The other really great bit of satire is how poorly Springfield whitewashes its history (“But the Springfield Brigade was too brave to accept their surrender!”). There’s also Homer assuming teachers are striking because they’re trying to palm people’s kids back onto them, which aside from recalling all those people who react to protests with “But why does this have to inconvenience me?!”, reminds me a lot of when Australian schoolkids took a strike from school to protest the government’s inaction of climate change and some people responded with “why can’t they protest outside school time?”

“Anyone can miss Canada, all tucked away down there.” That’s not an iconic line, but it is one I use every time I botch American geography.

Milhouse’s tutor is based on Tony Randall. The troop outfit was based on F Troop, and the gag of the cannon not going off is a reference to its opening. ‘Diz-nee’ buying the site is a joke about Disney’s failed attempt to buy up heritage sites. Uter being left behind is a reference to Von Ryan’s Express. The school’s library consists of TekWar by William Shatner, Sexus by Henry Miller, Hop On Pop by Dr Seuss, The Satanic Verses by Salman Rushdie, 40 Years Of Playboy by Hugh Hefner, Steal This Book by Abbie Hoffman, and The Theory of Evolution by Charles Darwin. Gabe Kaplan of Welcome Back, Kotter is on Bart’s list of substitutes driven away. The character at the bank is based on Jimmy Stewart as a reference to It’s A Wonderful Life.
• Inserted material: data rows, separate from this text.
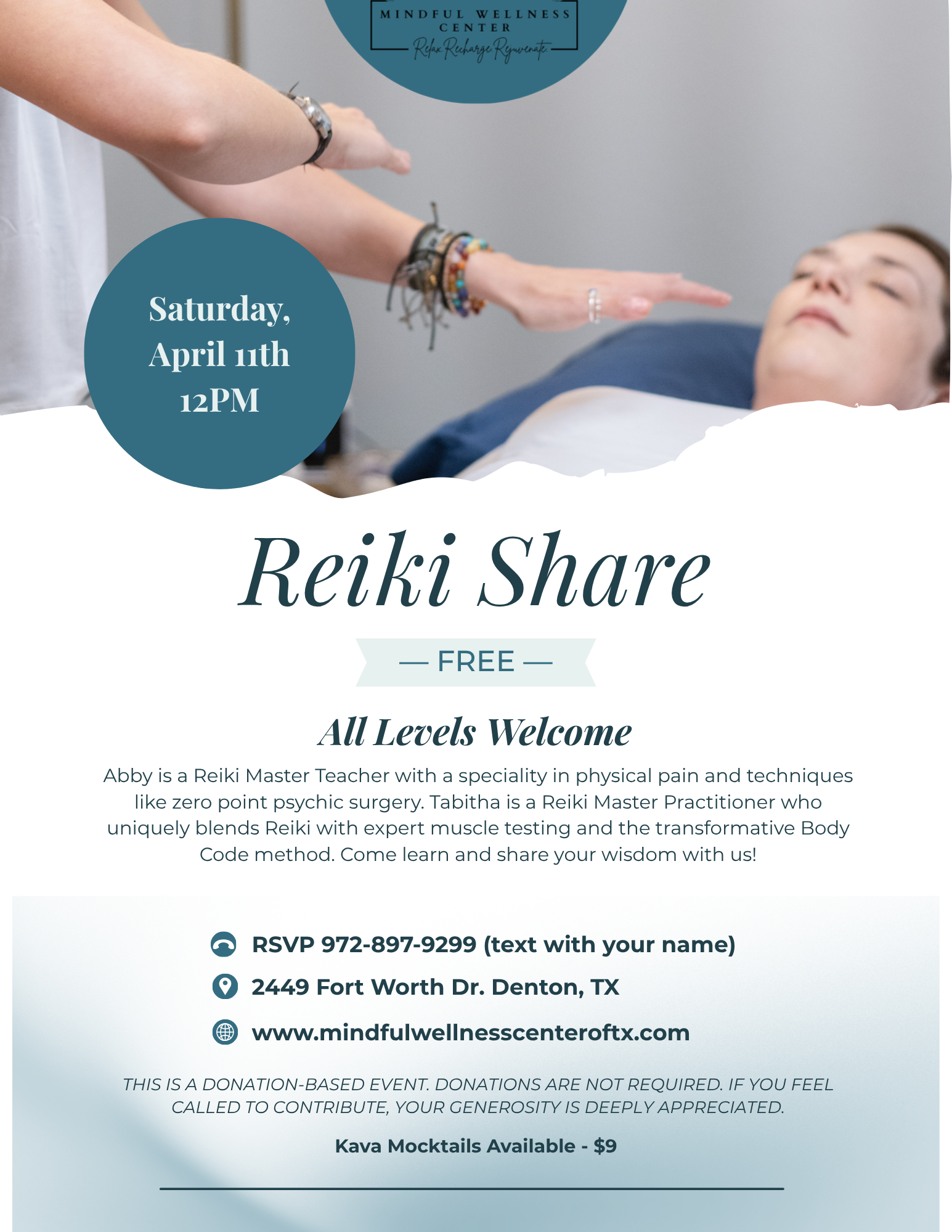Reiki Share Saturday, April 11, 2026 12:00 PM 1:30 PM Mindful Wellness Center of Texas 2449 Fort Worth Drive Denton, TX, 76205 United States (map) Google Calendar ICS
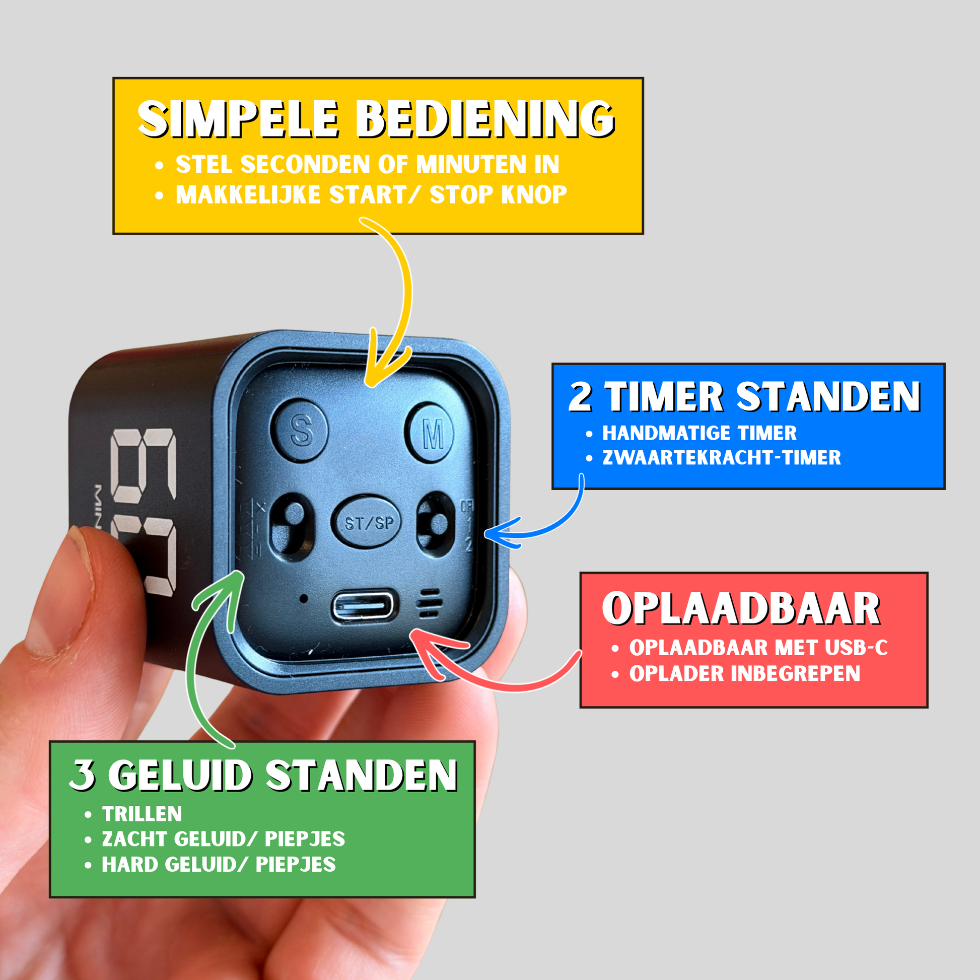 Deze timer is een hulpmiddel voor focus en timemanagement. Het is geen medisch hulpmiddel en vervangt geen professionele begeleiding bij concentratie- of aandachtsproblemen. Bevat een batterij, niet geschikt voor langdurige opslag in direct zonlicht of op warme oppervlakken. Niet gebruiken met beschadigde of oververhitte apparaten. Gebruik op eigen risico.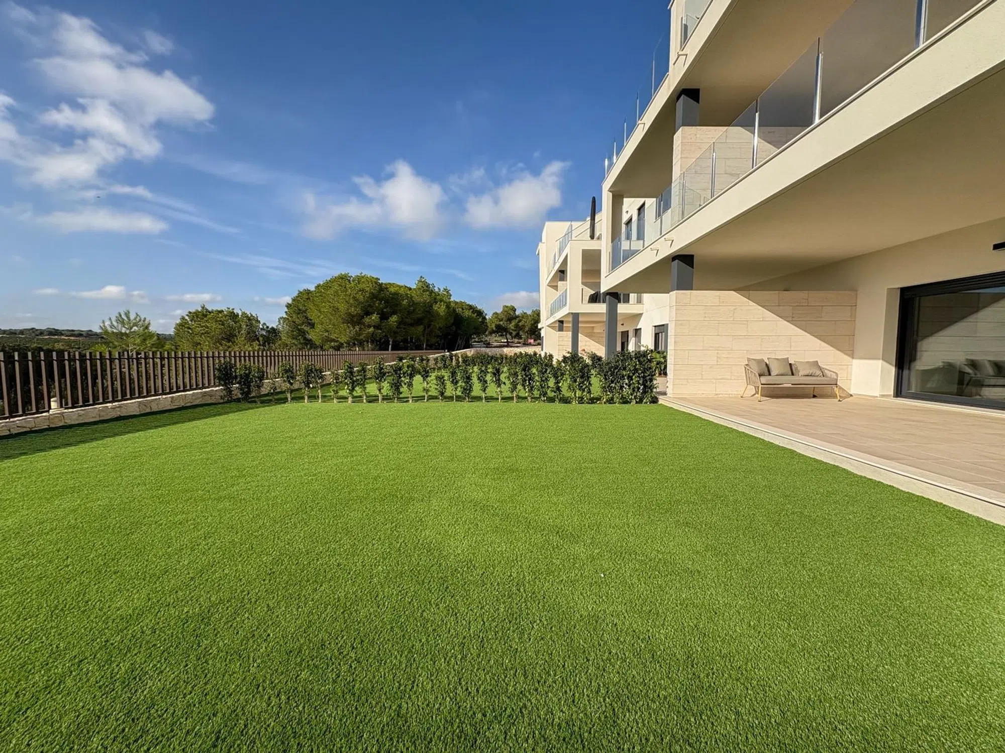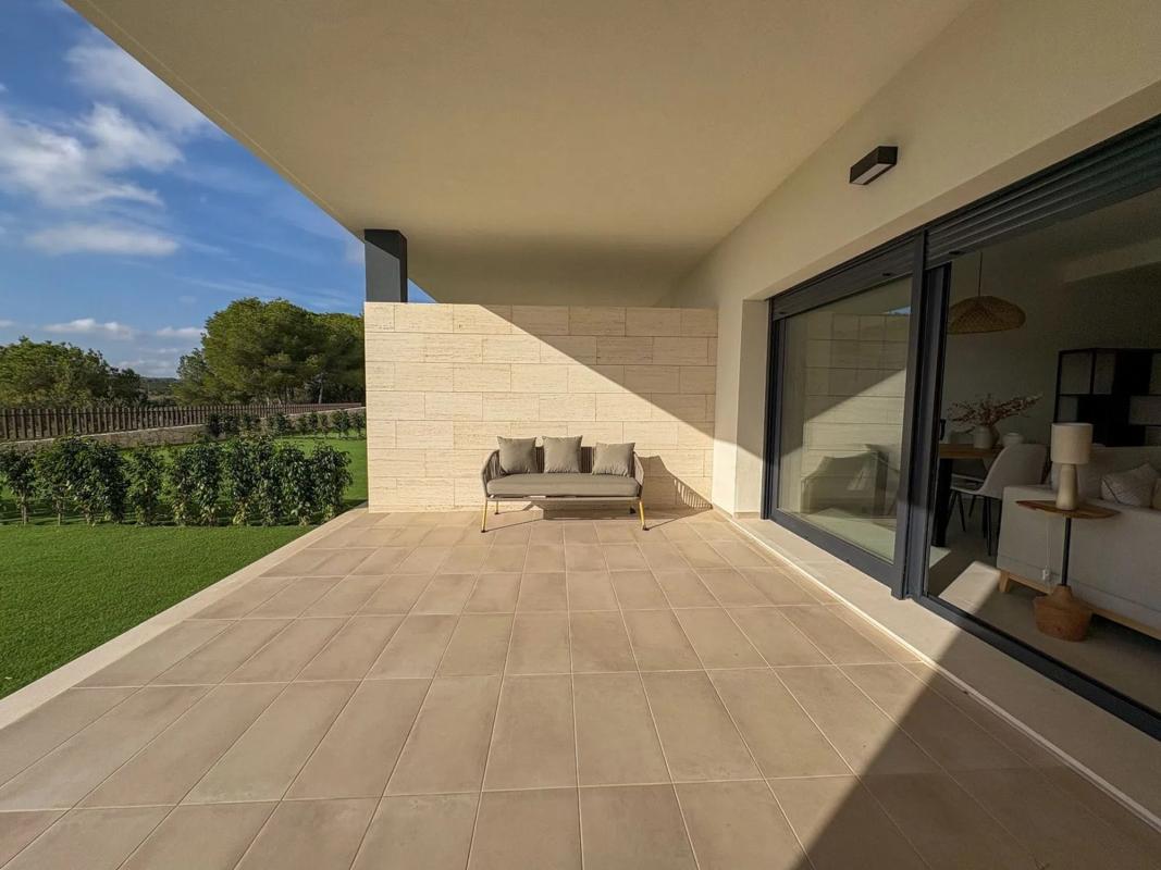 Este piso en planta baja se encuentra en el corazón del campo de golf Lo Romero, un lugar donde la calma, el paisaje y la luz se combinan para ofrecer un entorno único. A tan solo 8 minutos en coche de Pilar de la Horadada y de las playas, es una vivienda pensada para quienes buscan espacio, tranquilidad y conexión con la naturaleza, sin renunciar a la comodidad del día a día. La vivienda destaca por su amplio jardín privado de 129 m², un espacio abierto y versátil que invita a disfrutar del aire libre, las comidas con amigos o el silencio de las tardes. El acceso directo desde el salón al jardín crea una transición natural entre interior y exterior, ampliando la sensación de amplitud. En el interior, un gran salón comedor con cocina americana reúne las zonas de estar y cocina en un espacio funcional y luminoso, con acabados modernos y una distribución muy práctica. Dispone de tres dormitorios con armarios empotrados y dos baños completos, uno de ellos en suite, diseñados con materiales actuales y tonos neutros que aportan serenidad. El residencial ofrece piscina comunitaria rodeada de jardines, ideal para disfrutar de los días de sol. La vivienda incluye la posibilidad de plaza de aparcamiento por 5.000 € adicionales. Vivir aquí es disfrutar del ritmo tranquilo del campo de golf, con el mar y los servicios a pocos minutos. Una combinación poco común de confort, entorno natural y estilo de vida mediterráneo. [IW].

Iconic Moments: 6, and I find it significant that if you made a top ten list of most iconic Simpsons lines, at least four of these would appear on it, and I would argue five of them would. “If you don’t like your job, you don’t strike! You just go in every day and do it really half-assed. That’s the American way.” | “In this house we obey the laws of thermodynamics!” | “The finger thing means the taxes!” | “That’s a paddlin’.” | “You won’t enjoy it on as many levels as I do.” (this is the one I’m not sure on) | “I’ve had just about enough of your Vassar bashing, young lady!”
Biggest Laugh: This was a case of discovering to my surprise one more layer of The Simpsons‘ influence on my sense of humour, because I put the same growl into my voice when I’m saying something stupidly obvious.